Geschichtliche Entwicklung
- Juni 1996: Der NATO-Rat verabschiedet die Berlin-Beschlüsse.
- Dezember 2002: Die NATO und die EU einigen sich über eine vertragliche Absicherung der Berlin Beschlüsse.
- 13. März 2003: NATO und EU einigen sich mit Berlin Plus auf eine Grundlage für ein militärisches Handeln der EU im Falle eines Nicht-Eingreifens der NATO.
- Dezember 2003: Die EU richtet eine permanente Zelle im NATO-Hauptquartier SHAPE ein, die NATO ein Verbindungsbüro im EU-Militärstab (EUMS).
Beurteilung
Wertet man Berlin Plus aus, scheint es so, dass die Gemeinsame Sicherheits- und Verteidigungspolitik (GSVP) der EU von der NATO abhängig ist. Die NATO besitzt – wenn man es so formulieren will – das Vorrecht bei Konflikten zu intervenieren. Die EU müsste sich dem laut Vereinbarung beugen und stuft sich damit zu einem Spieler zweiter Klasse ab. Dies kann man auch daran erkennen, dass man zuweilen die Kapazitäten und Fähigkeiten der NATO benötigt (was nicht unbedingt heißt, dass es an eigenen Truppen mangelt), um eigene Mission durchzuführen. Diese Fakten sprechen nicht gerade für eine selbstständige bzw. unabhängige Außen- und Sicherheitspolitik.

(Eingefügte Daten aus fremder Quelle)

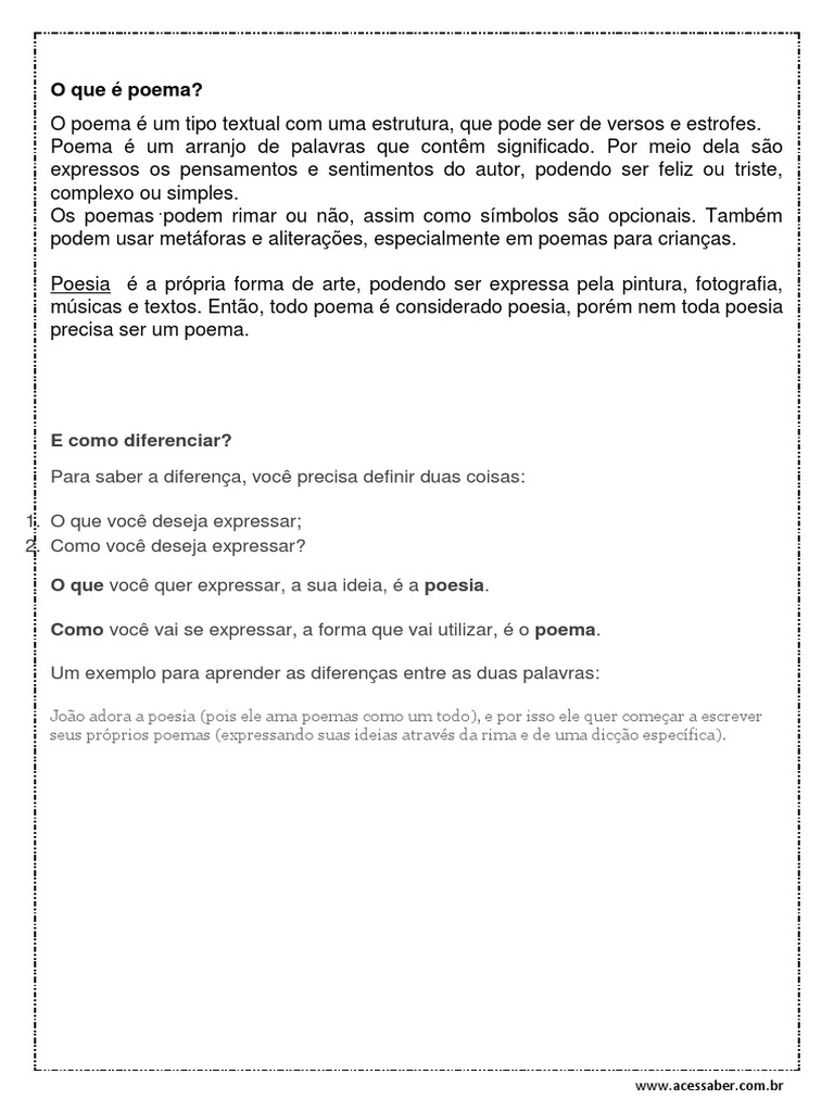 Admin coleta de fontes relacionadas ao compartilhamento Diferença Entre Poema E Poesia Com Exemplos.
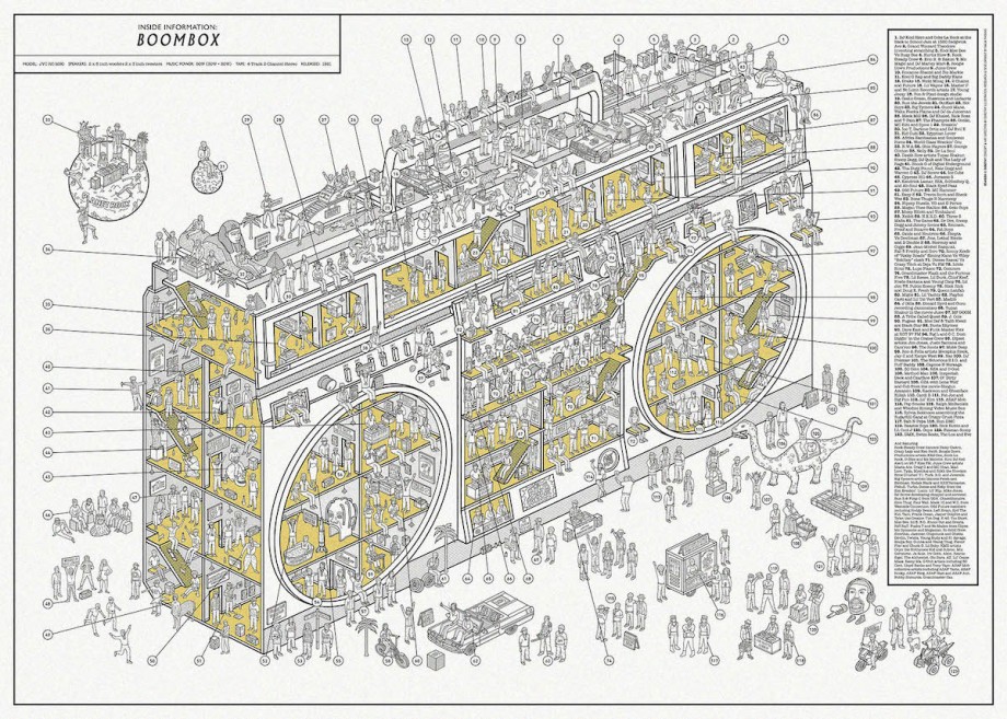 が、1枚の中にヒップホップ音楽の歴史を描いたポスターです。ラジカセを大きな建物に見立て、その中にヒップホップ・ミュージシャンたちの歴史的なラップバトルなどの出来事を緻密に描いて、ヒップホップ音楽の発展の歴史をトリビュートしています。

Von Seiten der NATO und damit aus US-Sicht kann Berlin Plus so interpretiert werden, dass die EU in ihren Bestrebungen eigene Krisenreaktionskräfte aufzubauen – die eine Art Konkurrenz zur NATO darstellen könnte – im Zaum hält. Eine mögliche Loslösung vieler europäischer NATO-Staaten von dieser weg zur GSVP würde einen unnötigen Gegenpol zur US-dominierten NATO-Politik und somit eine Schwächung des nordatlantischen Bündnisses bedeuten. Positiv betrachtet und wie von offizieller Seite verlautbart, rücken NATO und EU enger aneinander, woraus ein großer und starker globaler Mitspieler entsteht. Dies würde die NATO- und EU-Staaten entlasten, die sich sonst zwischen beiden Organisationen hin- und hergerissen fühlen. Eine engere Zusammenarbeit bzw. Zusammenlegung von militärischen Ressourcen spart Führungspersonal, Truppen, Ausrüstung, Gerät und letztlich Budget. Daraus resultiert, dass Berlin Plus die aktive Handlungsfähigkeit der EU erhöht, da man durch zusätzliche NATO-Ressourcen seine eigenen Kräfte – beispielsweise die EU Battlegroups – unterstützt.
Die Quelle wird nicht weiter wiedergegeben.